O opus magnum de J.R.R. Tolkien havia recebido apenas uma tradução oficial em português no Brasil, de Lenita Rimoli , na prosa, e Almiro Pisetta, no verso, pela Martins Fontes. A HarperCollins, desta vez, decidiu apostar em um único tradutor: Ronald Kyrmse, que já vinha traduzindo os livros do Professor nos últimos anos para as editoras Martins Fontes. Kyrmse já traduziu Beren e Lúthien, no ano passado, para a HCB, e, também em 2018, teve duas traduções suas republicadas pela nova editora: J.R.R. Tolkien: uma biografia, de Humphrey Carpenter, e O dom da amizade, de Colin Duriez, que fala da amizade de Tolkien e Lewis. 

Confira o bate-papo que tivemos com o novo tradutor de O Senhor dos Anéis no Brasil.

Conte-nos como você, sendo engenheiro de formação, foi convidado a ser tradutor da biografia de J.R.R. Tolkien para a Martins Fontes em 1992.

Ronald Kyrmse


No longínquo ano de 1989 eu havia ajudado a formar o primeiro grupo organizado de apreciadores das obras de Tolkien no Brasil — a Heren Hyarmeno (Ordem do Sul).
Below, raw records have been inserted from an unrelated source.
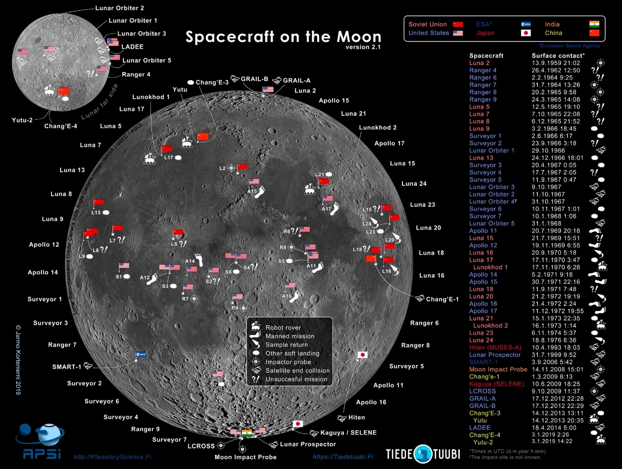 Dans le récapitulatif des missions lunaires, rajouter les missions Apollo 8, 10 et 13 ainsi que plusieurs échecs de Luna.
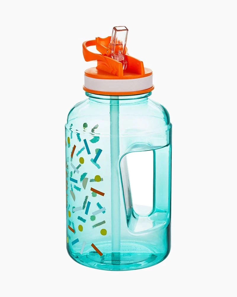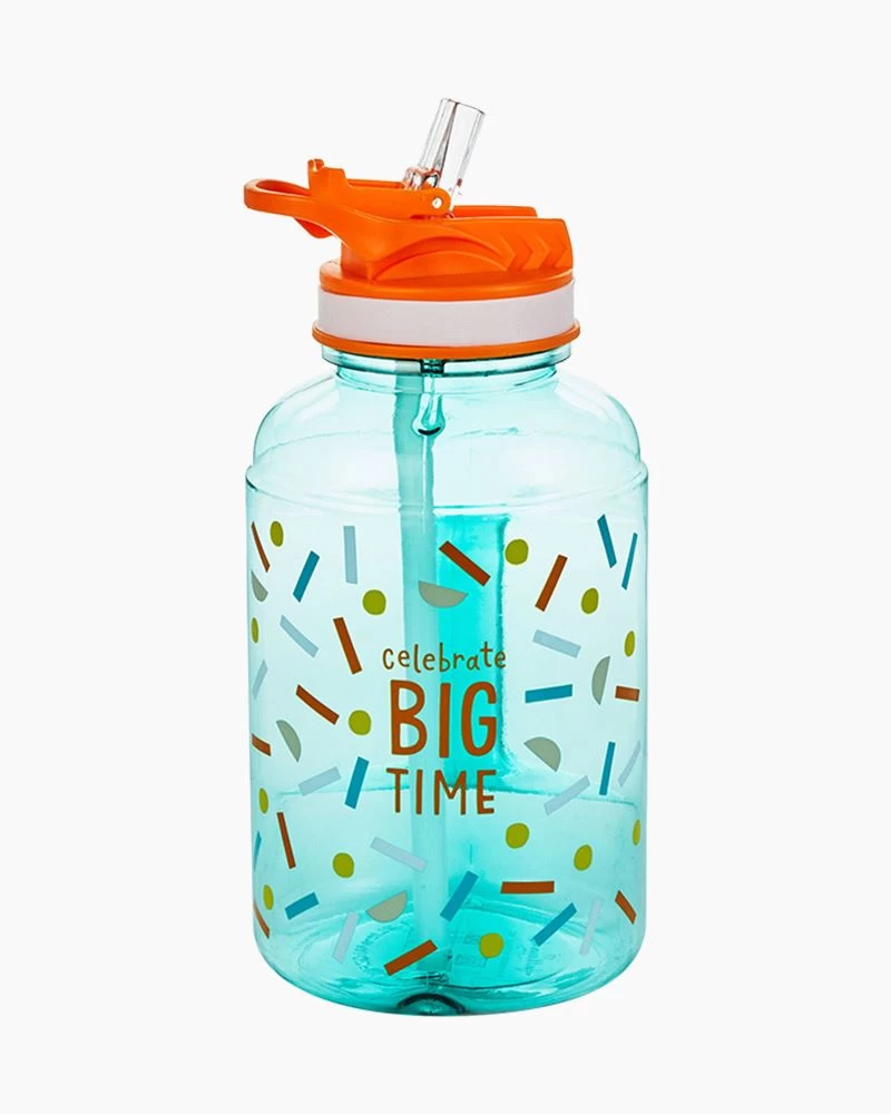 Upsize the festivities with this water jug that holds enough ounces to pair a major celebration with ample hydration. An orange “celebrate big time” message and geometric confetti designs on the blue-green water bottle give it star power as a gift for a birthday, graduation, bachelorette party and more. Convenient molded handle and fun orange lid with straw mean you’ll always want to keep this water jug within easy reach.
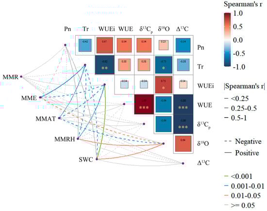 Mantel-test correlations among meteorological factors, plant photosynthetic parameters, and carbon−oxygen isotopes. The size and labels of the squares, together with the line colors, represent Spearman’s correlation coefficients. Asterisks denote significance levels: *** p < 0.001, ** p < 0.01, * p < 0.05. Dotted lines indicate negative correlations, whereas solid lines indicate positive correlations.
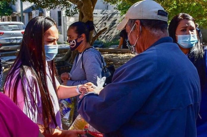 Los beneficiarios recibieron artículos de la canasta básica, como arroz, frijol, lentejas, aceite, harina, maseca, leche y atún entre otros alimentos.
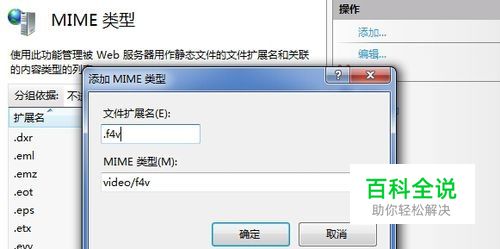 点击右侧的“添加”,在弹出框里面,文件扩展名填写.f4v,MIME类型填写video/f4v,点击“确定”后f4v就添加成功了;
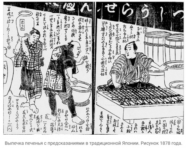 Откуда же тогда пошло это блюдо? Доподлинно известно, что ещё в XIX веке нечто похожее готовилось в Японии, где издавна популярны омикудзи — бумажки с предсказаниями, которые можно было вытянуть в местных храмах. Печенье же, именуемое «цудзиура сэнбэй», отличалось от западных аналогов тем, что было крупнее, темнее, содержало кунжут и пасту мисо вместо ванили и масла. При этом бумажка с предсказанием не пряталась внутрь печеньки, а вкладывалась в неё. Подобное печенье делают в Японии и сегодня.
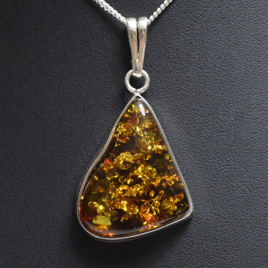 Baltic Brilliance - Triangular Cognac Amber 925 Sterling Silver Necklace (Pendant with Sterling Silver Chain)
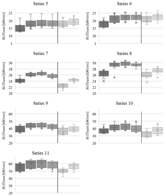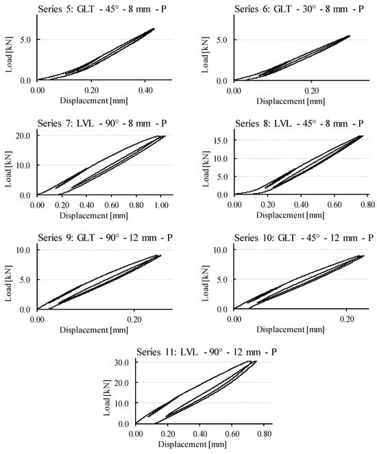 The expected effect occurred in the beech-LVL series and the series with 12 mm diameter screws. A comparison of the curves in Figure 7 (series 1 to 6 compared to series 7 to 11) clearly shows a flattening of the load–deformation curve. This is accompanied by a reduction in axial stiffness. When comparing the initial load from 10% to 40% and the initial load from 10% to 90%, the average reduction in axial stiffness is approximately 8%. In contrast, no significant flattening of the curve can be observed for the 8 mm diameter screws in spruce GLT. In fact, the axial stiffness of these series increases by an average of 16%. This indicates that there are no plastic effects. The higher values can be explained by the fact that the influence of plastic effects at the initial load (cf. axial stiffness 0–40% and axial stiffness 10–40%) are far greater at correspondingly low load levels (Fest = 7.5 kN).
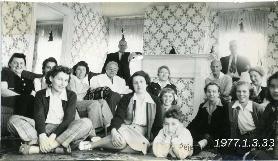 A B/W photograph of people sitting on the floor in a living room. The accession paper work says, "Misc. snapshots of Mrs. S. Sylvester from her early life." First Row (on floor): Melba Bonang, Annie Hasmer, Glen Hasmer, Lorraine Bonang, Mrs. Roy, Louise Bonang. Second Row: Pauline Fournier, ?, Annette Bonang, Mrs. Marshall, Gladys Burns, Frank DeWick, Helen Snow. Standing: Brainerd Burns, Florian Fournier. UndatedCollection
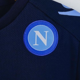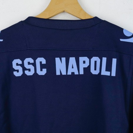 SSC Napoli Macron training shirt n13 from the 2013/2014 UEFA season. Official navy blue model with sky blue details, embroidered Macron logo and applied SSC Napoli crest. Features SSC Napoli lettering on the back and number 13 printed on the front. Made of lightweight breathable fabric, perfect for training sessions and vintage football collections.
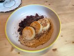 Еда и напитки вкусные. Но несли все очень долго, пришлось напомнить о себе. В итоге муж не мог нормально поесть, потому что ему принесли английский завтрак, а мне почти час несли сырники. При этом заполненность была небольшая
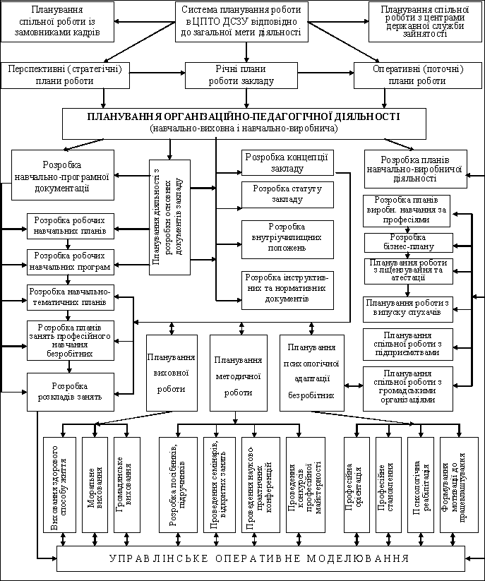 Виклад основного матеріалу. Проаналізовані у зазначених працях наукові та технологічні підходи до моделювання організаційно-педагогічної діяльності, сформульовані на цій основі принципи, правила, вимоги є теоретичним підґрунтям, необхідними положеннями, які завжди випереджають самі процеси (будь-якої діяльності), зокрема і моделювання. Наявність наукових положень щодо планування роботи навчальних закладів як різновиду моделювання стало основою розроблення теоретично обґрунтованої системи планування роботи у професійно-технічних навчальних закладах державної служби зайнятості, яка, на наш погляд, відповідає сучасним вимогам до об’єктів такого рівня.
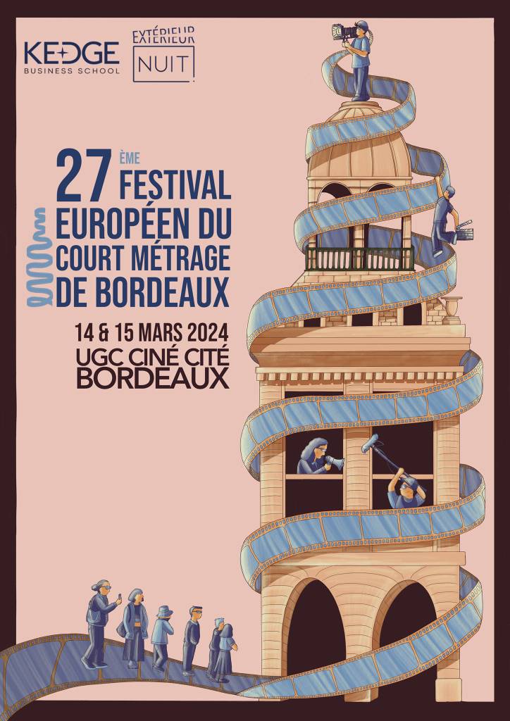 Le Festival Européen du Court Métrage de Bordeaux (dont j’ai l’honneur d’être partenaire presse), organisé par Extérieur Nuit (l’association cinéma de Kedge Bordeaux), vient de dévoiler la superbe affiche de sa 27ème édition, imaginée par l’illustratrice Isis !
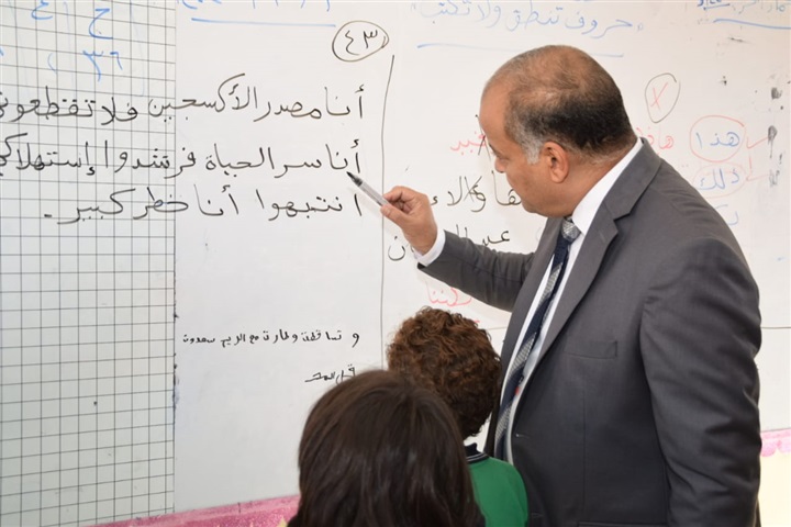 وخلال جولته داخل الفصول الدراسية، تابع شرح المعلمين، مشددا على أهمية المتابعة اليومية لمبادرات تنمية مهارات اللغة العربية لطلاب الصفوف الأولى، مع مراجعة مستويات الطلاب المقيدين في سجلات الضعاف وقياس مدى تحسن أدائهم بشكل مستمر.
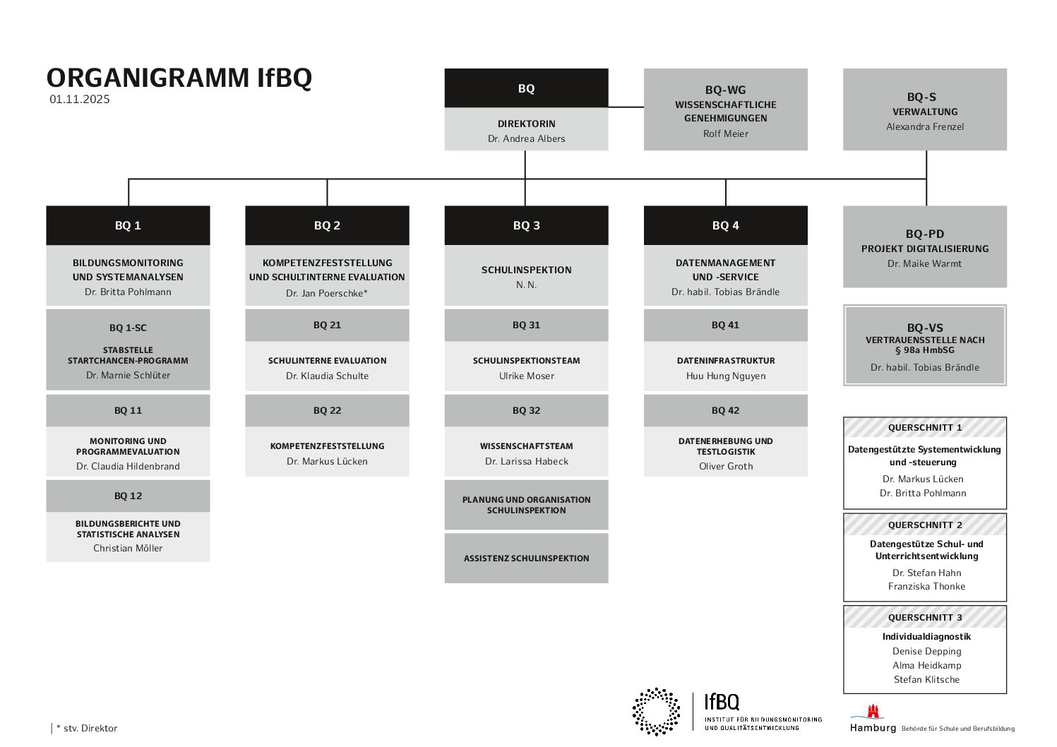 Unser Organigramm bietet Ihnen einen Überblick über die interne Struktur des IfBQ. Die Mitarbeitenden sind in verschiedenen Abteilungen (BQ 1, BQ 2, BQ 3 und BQ 4), Referaten (BQ 11, BQ 12, BQ 21, BQ 22, BQ 31, BQ 32, BQ 41, BQ 42) und Stabsstellen (BQ-WG, BQ-S, BQ-PD) organisiert. Zusätzlich ist die Vertrauensstelle nach § 98a HmbSG am IfBQ angesiedelt.
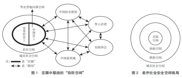 面對安哥拉日趨惡化的社會治安環境,中國新移民并未坐以待斃或一走了之,而是積極行動起來,聯合開展安全自救,展現高度的行動自覺和族群團結,在異國他鄉共建、共享社會安全空間。經過十多年的努力和探索,中國新移民從營造“自防空間”開始,扎緊華企營地及其內部安全空間的籬笆,自我構建安全空間。組織并加入區域安防協會,形成“協防空間”,盡管沒有“自防空間”那樣立竿見影的安全效果,但中國新移民還是愿意“花錢買平安”,參與共建華人社區安全空間。為整合華人安防力量,中國駐安使館促成各區域安防協會聯合組建“安聯會”,協助使館為新移民提供免費安防服務,在族裔聚集區打造“點—線—面”相結合的立體安全防護體系和保護網絡,形成以“自防空間”為中心、呈水波紋狀向外延展的差序社會安全格局(見圖2)。

A notícia sobre o grupo chegou aos ouvidos da Martins Fontes, e me perguntaram se eu conheceria alguém capaz e disposto a traduzir a Biografia de Humphrey Carpenter. Topei a tarefa… e as traduções das obras tolkienianas vieram depois.

Como foi a sua trajetória na Martins Fontes e para outras editoras, na época, traduzindo textos de e sobre Tolkien?

Após a Biografia, atuei dando consultoria à tradução d’O Senhor dos Anéis. Depois a MF publicou O Hobbit e O Silmarillion, e, por fim, resolveu confiar-me uma obra tolkieniana. Minha primeira tradução para essa editora foram os Contos Inacabados. Com outras editoras, meu trabalho não envolveu a obra tolkieniana original, e sim textos derivados — sobre Tolkien.

Como foi o processo de escrever o seu livro Explicando Tolkien?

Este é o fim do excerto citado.